未だ十にもならないだろう矮躯は昂然と背筋を伸ばし、目深に被ったフードはオリーブ色。彼女が以前着ていた覚えのあるダークブラウンの上着は、今は彼女の背中に負ぶさった、もう一人の子供の体を包んでいた。
「誘拐犯捕縛失敗の汚名を返上するために必死こいて総掛かりで働いてると思ってたんですけど、思い違いでしたかね。こんな非常時に、路上で女の子に絡む暇のあるアホ共がいるようで」
「――っはは……。面目ねぇ、鳥の嬢ちゃん」
痛い所を容赦なく突いてくる幼子の言葉に、男はくしゃりと苦く笑う。
薄緑の瞳が複雑な感情を孕み、彼らを映して緩く弧を描いた。
シェパ警備隊の総副隊長――イアン・ヴィーガッツァは、灰色がかった銀髪を短く整えた、二十代後半くらいの男だった。下級貴族の出だと聞いているが、オーリは詳しいことは知らない。この年齢で№2に昇り詰め、仕事をしない貴族出身の総隊長に代わって隊を取り仕切っているのだから、それなりの技量もコネもあるのだろう。
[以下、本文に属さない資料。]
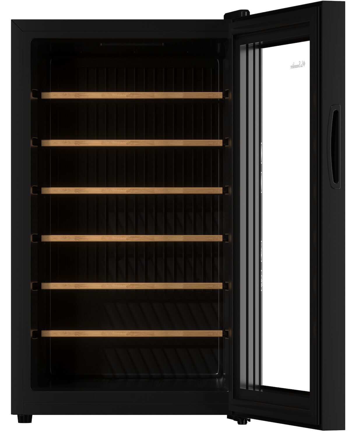 Täyslasinen ovi, huomaamaton integroitu kahva ja ulkopuolinen digitaalinen ohjauspaneeli mahdollistavat nopean ja helpon käytön. Valkoinen LED-sisävalaistus on varustettu erillisellä kytkimellä ja tuo pullot esiin tyylikkäästi.

警備隊そのものも、大して真面目とは言えない隊員が多数を占める。勿論真面目に街を守ることに身命を懸けている者たちもいるだろうが、犯罪に関与したり賄賂を要求したりする者は後を絶たなかった。オーリがまともに関係を保っているのは、イアンを含むごく一部だけだ。
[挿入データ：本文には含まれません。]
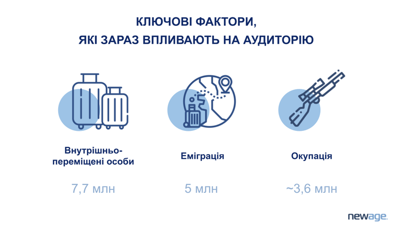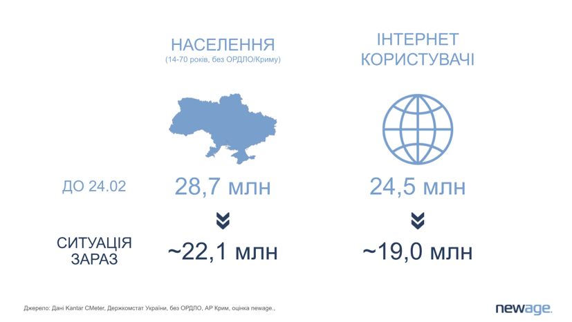 MarTech-агентство newage подготовило ежегодное исследование интернет-трендов Украины. Первое, что исследовали в newage — общая аудитория интернет-пользователей в Украине. Чтобы высчитать их количество, агентство обработало информацию о количестве покинувших Украину людей, а также высчитали количество людей, оказавшихся в оккупации. Агрегировав все данные, исследователи зафиксировали, что на май-июнь в Украине на неоккупированной территории находится ~22,1 млн. граждан в возрасте 14-70 лет, из которых около 19 млн. пользуются интернетом.

「警備隊の副隊長と交流があったとは知りませんでした。顔が広いんですね」
気絶した隊員二人を廊下に放り出した後、勧められた長椅子に座ったオーリの隣に腰を下ろし、ラトニはそう言った。
「今日キミを連れてくる気もなかったんだけどね」
フードの下からじろりと睨み、機嫌の悪そうなオーリがそう返す。
ラトニから誘拐犯一味の捕縛失敗を知らされたオーリは、彼に本日解散を言い渡し、自身は即座に警備隊の駐屯所へ向かった――はずだった。
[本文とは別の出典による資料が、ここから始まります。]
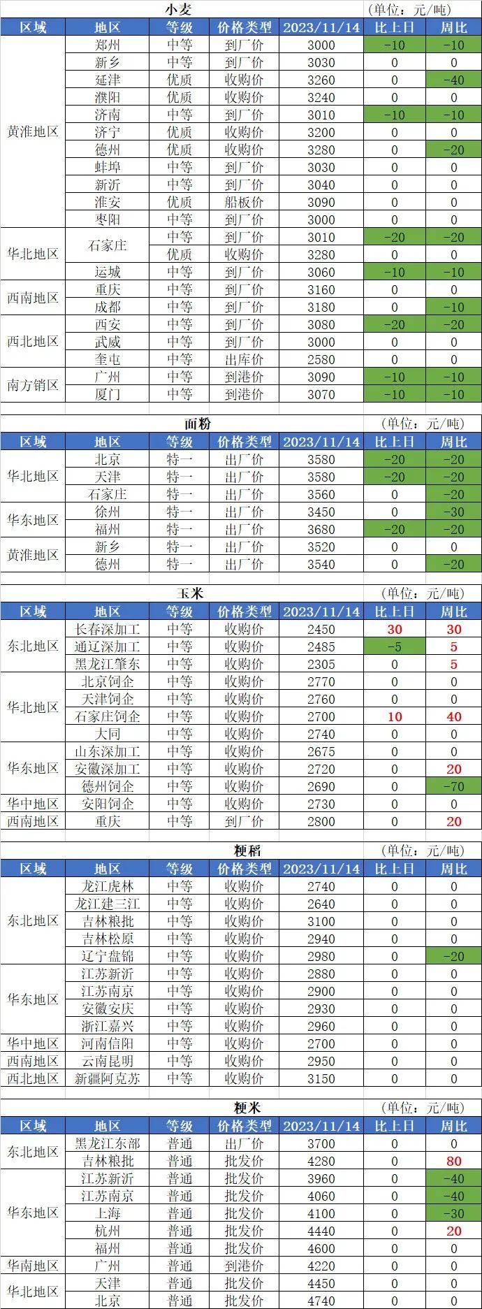 2、11月14日国内玉米价格稳中有涨,其中:南北港口、南方销区玉米价基本稳定;华北地区、东北地区玉米价格基本稳定,局部价格小涨,涨幅10-20元/吨。

誤算は一つ。走り出したオーリの背中にラトニが素早く飛び付いて、子泣きじじいよろしく離れてくれなかったことである。
磁石よりもがっちりしがみ付いてくるラトニを振り払うことは諦めたものの、事件に対する怒りと焦燥が相俟って、途中、花売りの子供に難癖を付けている警備隊員を見付けた時のオーリの顔は凶相と言うに相応しかった。彼女はラトニを張り付けたまま屋根から飛び降りて二人の隊員を蹴り倒し、気絶した彼らを掴み上げて、勢いのまま副隊長室を強襲したのだ。
「まあいいじゃねーか。そいつだろ? 最近連れ回してるって相方は。孤児院の奴だとかストリートのガキだとか聞くが……」
「この子のことなら今回は関係ありませんよ」
切って捨てるように言い放つオーリに、イアンははいはいと手を振った。
毛を逆立てた猫のように威嚇する姿は、マイペースな態度の多い彼女には珍しい。面白いものを見る心地で彼女の様子を横目に見ながら、ラトニの方に言葉を投げる。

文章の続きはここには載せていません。